Information shown:
+ + +
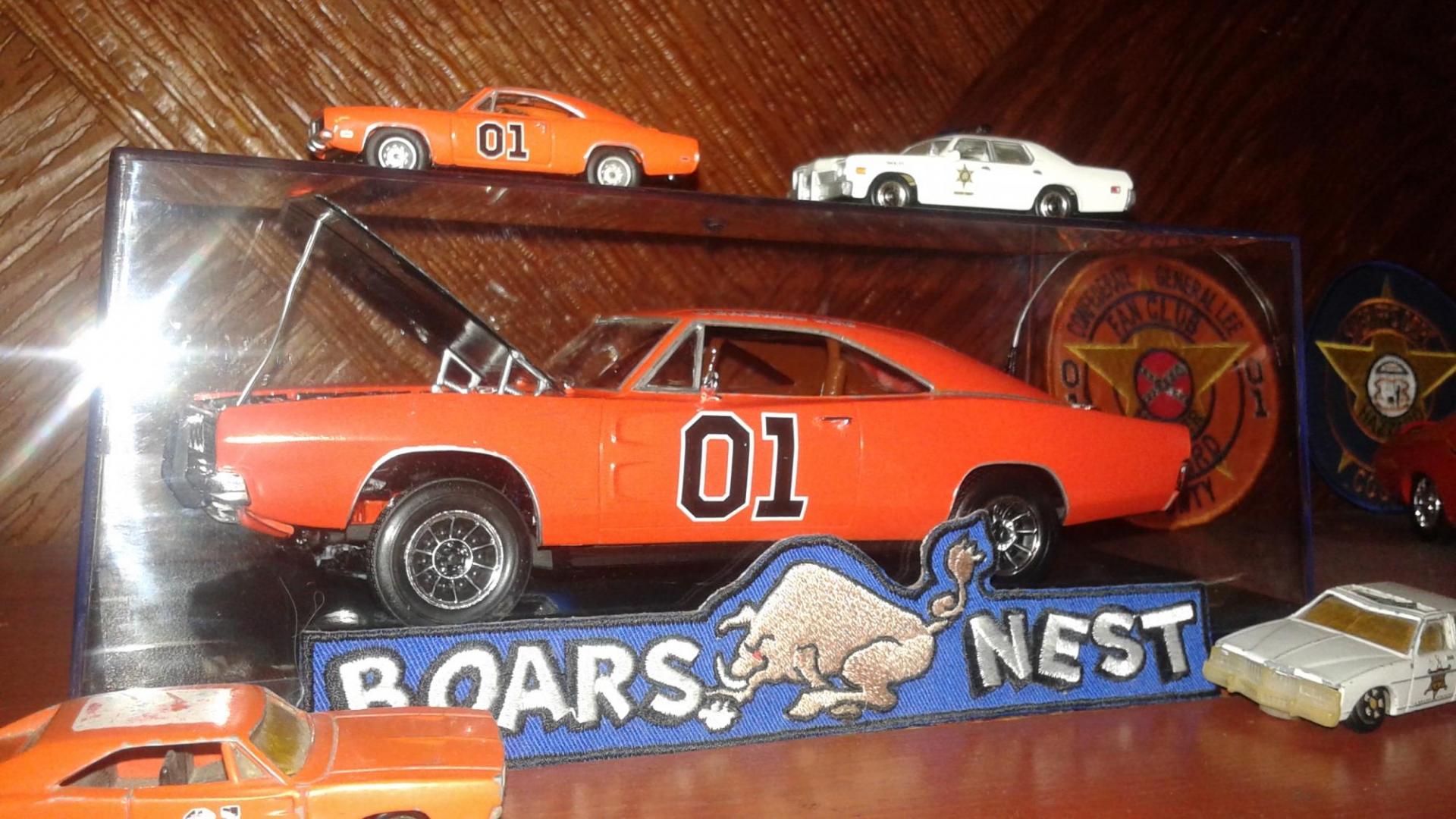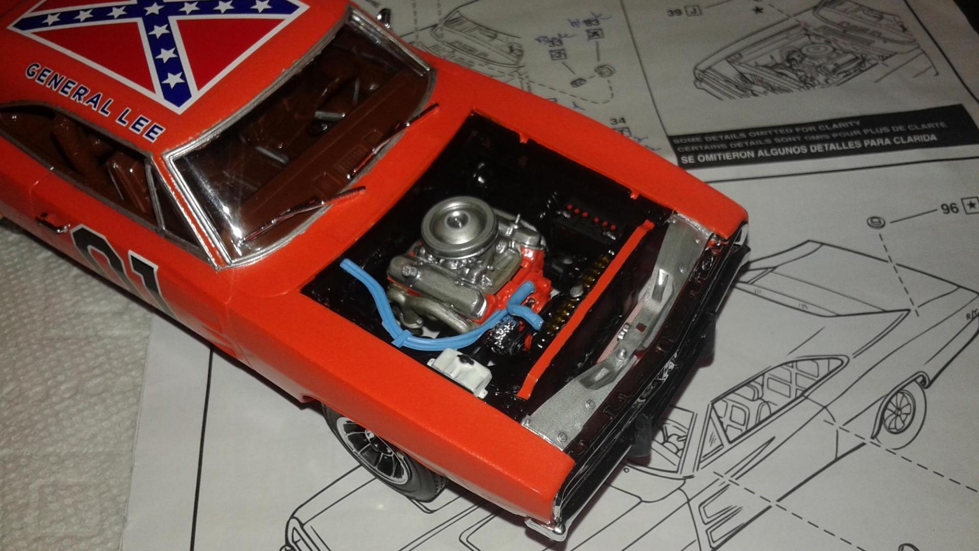 Hey guys just wanted to show off my model of the Dukes series close up car. I'm a huge Dukes fan so for those who don't know about this car here's some breif history. This General Lee has been traced as far back as the 2nd Season. During the TV series this car was titled "WGL 02". It was a close up car and would have only been used with the actors in the scene and not a stunt car. Nine out of ten times, if the hood was open, this was the car was used for the shot. This car had a black engine bay, smoothed and boxed firewall, chrome hood hinges, chrome upper grille/latch tray, and the engine was dressed up with chrome. Always loved the way this car looked under the hood. Went for the season 3 version specifically. If I ever own a G.L this is how it will look in the engine bay.
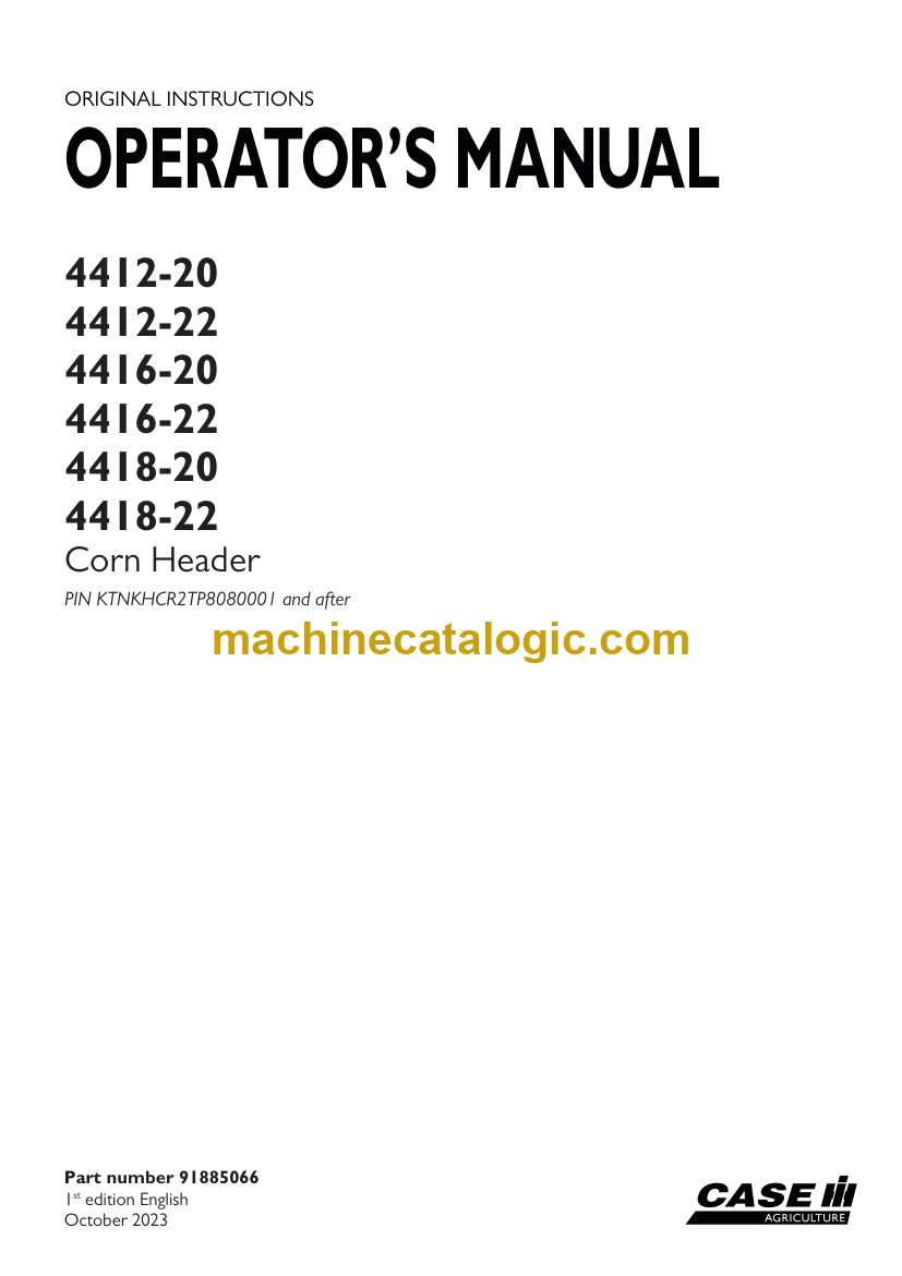 Case 4412-20, 4412-22, 4416-20, 4416-22, 4418-20, 4418-22 Corn Header Operator Manual
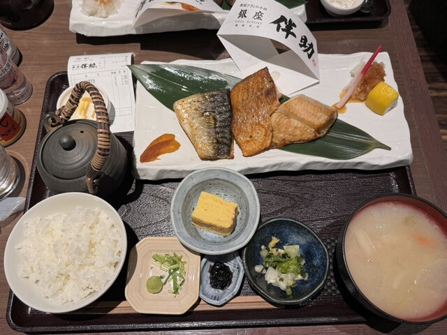 彩り三種干物定食(さば、縞ほっけ、赤魚)、大満足。
+ + +
Give the data above again, exactly, with every picture removed.

Written answer:
 Hey guys just wanted to show off my model of the Dukes series close up car. I'm a huge Dukes fan so for those who don't know about this car here's some breif history. This General Lee has been traced as far back as the 2nd Season. During the TV series this car was titled "WGL 02". It was a close up car and would have only been used with the actors in the scene and not a stunt car. Nine out of ten times, if the hood was open, this was the car was used for the shot. This car had a black engine bay, smoothed and boxed firewall, chrome hood hinges, chrome upper grille/latch tray, and the engine was dressed up with chrome. Always loved the way this car looked under the hood. Went for the season 3 version specifically. If I ever own a G.L this is how it will look in the engine bay.
 Case 4412-20, 4412-22, 4416-20, 4416-22, 4418-20, 4418-22 Corn Header Operator Manual
 彩り三種干物定食(さば、縞ほっけ、赤魚)、大満足。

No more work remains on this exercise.